Here, Gaza has pointed to no admissible evidence establishing that the calls placed to Gaza were made with "dialing equipment" that has "the capacity to store or produce, and dial random or sequential numbers." There is also no evidence showing that the calls were made using a predictive dialer.

The record shows that the subject calls were placed manually. Gaza has not pointed to any evidence that contradicts John's testimony that the agent selected the number to be called and the calls were made as a result of human intervention. Gaza relies on the 2015 FCC Ruling to argue that the focus should be on whether the calls were placed with "dialing equipment," but, even under this broad definition, he does not point to any admissible evidence showing that dialing equipment was utilized with respect to the subject calls. Gaza also makes statements in his response to the summary judgment motion that are wholly unsupported in the record and attempts to improperly shift the burden to LTD to disprove the elements of Gaza's case.

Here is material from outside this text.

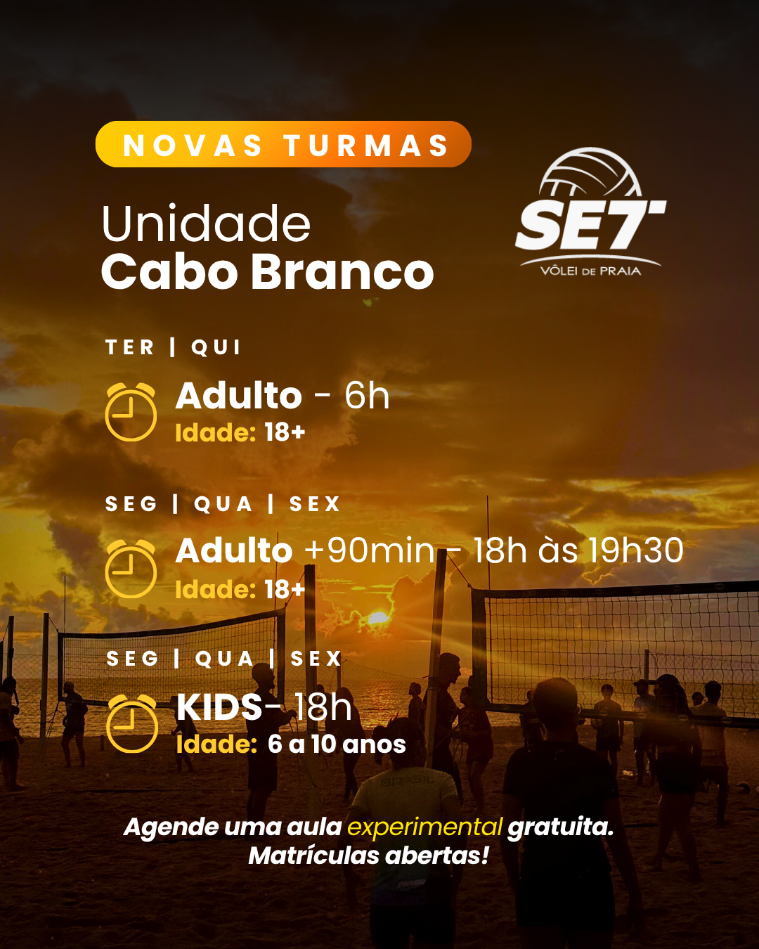 O maior Centro de Treinamento de Vôlei de Praia da Paraíba, há mais de 10 anos, atuando em 5 unidades em João Pessoa (Cabo Branco, Bancários, Altiplano, Bessa e Intermares).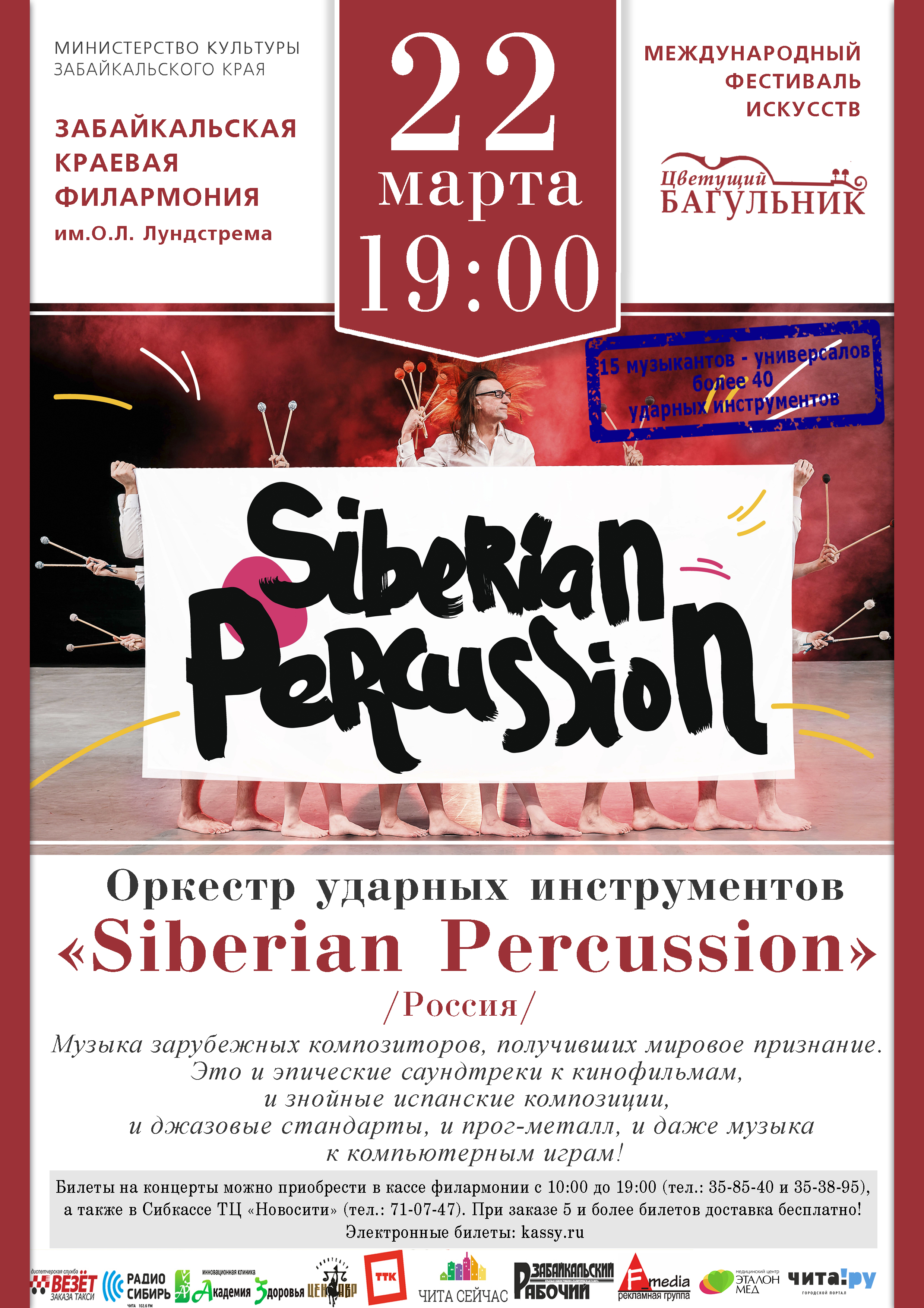 С самого начала 42 Международный фестиваль искусств «Цветущий багульник» погрузит своих слушателей в нечто удивительно прекрасное, совершенно неожиданное и крайне любопытное. 22 марта (среда), в 19:00 в Большом концертном зале Забайкальской краевой филармонии имени О.Л. Лундстрема состоится концерт оркестра ударных инструментов Красноярской краевой филармонии «Siberian Percussion».

In sum, Gaza's TCPA claims fail as a matter of law because he failed to establish a genuine issue for trial with respect to whether the calls were placed using an ATDS, a necessary element of his claims. See Wilcox, 2015 WL 2092671, at *5 (granting summary judgment in the defendant's favor with respect to five calls that the agent made by manually dialing the plaintiff's cell phone number).

It is therefore ORDERED and ADJUDGED that:

1. Defendant's Motion for Summary Judgment (Dkt. 27) is granted. 2. The Clerk of Court is directed to enter final judgment in Defendant's favor and against Plaintiff. 3. The Clerk of Court is directed to close this case and terminate any pending motions as moot.

DONE and ORDERED.

FootNotes


1. LTD does not oppose the judicial notice request with respect to the recent FCC ruling and the Court agrees that judicial notice of this ruling is appropriate.